#### [Data in this exercise]

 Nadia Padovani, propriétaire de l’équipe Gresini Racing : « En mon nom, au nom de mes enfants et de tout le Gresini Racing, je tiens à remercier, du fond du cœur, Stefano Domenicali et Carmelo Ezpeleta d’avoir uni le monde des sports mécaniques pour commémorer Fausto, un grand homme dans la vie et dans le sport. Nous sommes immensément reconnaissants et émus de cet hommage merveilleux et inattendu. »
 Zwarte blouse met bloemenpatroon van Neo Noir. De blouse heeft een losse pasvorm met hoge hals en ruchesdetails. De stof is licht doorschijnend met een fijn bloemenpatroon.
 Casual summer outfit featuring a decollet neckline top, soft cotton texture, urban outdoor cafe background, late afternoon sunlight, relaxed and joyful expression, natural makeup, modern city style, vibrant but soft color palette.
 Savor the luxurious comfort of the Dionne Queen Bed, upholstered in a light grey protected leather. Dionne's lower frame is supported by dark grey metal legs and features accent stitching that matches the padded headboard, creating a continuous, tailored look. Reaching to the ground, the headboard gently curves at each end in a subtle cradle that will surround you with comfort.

...

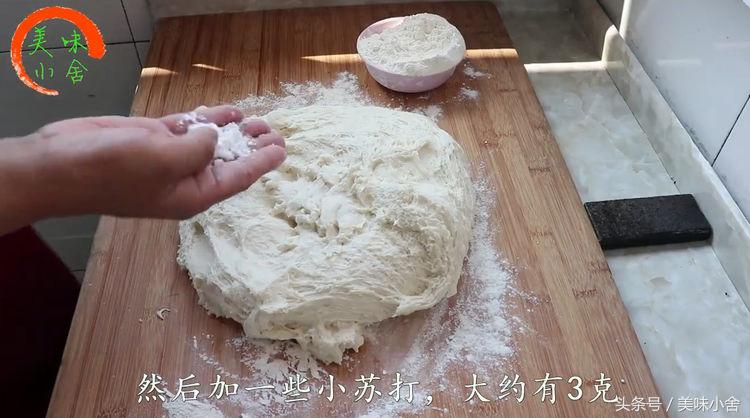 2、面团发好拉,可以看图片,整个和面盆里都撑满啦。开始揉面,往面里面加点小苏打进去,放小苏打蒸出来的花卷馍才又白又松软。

#### [Problem]
Here the job is to set down exactly the lines of the material above that fall between the one with "Zwarte blouse met" and the one with "Casual summer outfit", inclusive, and nothing beyond them.

#### [Your solution]
 Zwarte blouse met bloemenpatroon van Neo Noir. De blouse heeft een losse pasvorm met hoge hals en ruchesdetails. De stof is licht doorschijnend met een fijn bloemenpatroon.
 Casual summer outfit featuring a decollet neckline top, soft cotton texture, urban outdoor cafe background, late afternoon sunlight, relaxed and joyful expression, natural makeup, modern city style, vibrant but soft color palette.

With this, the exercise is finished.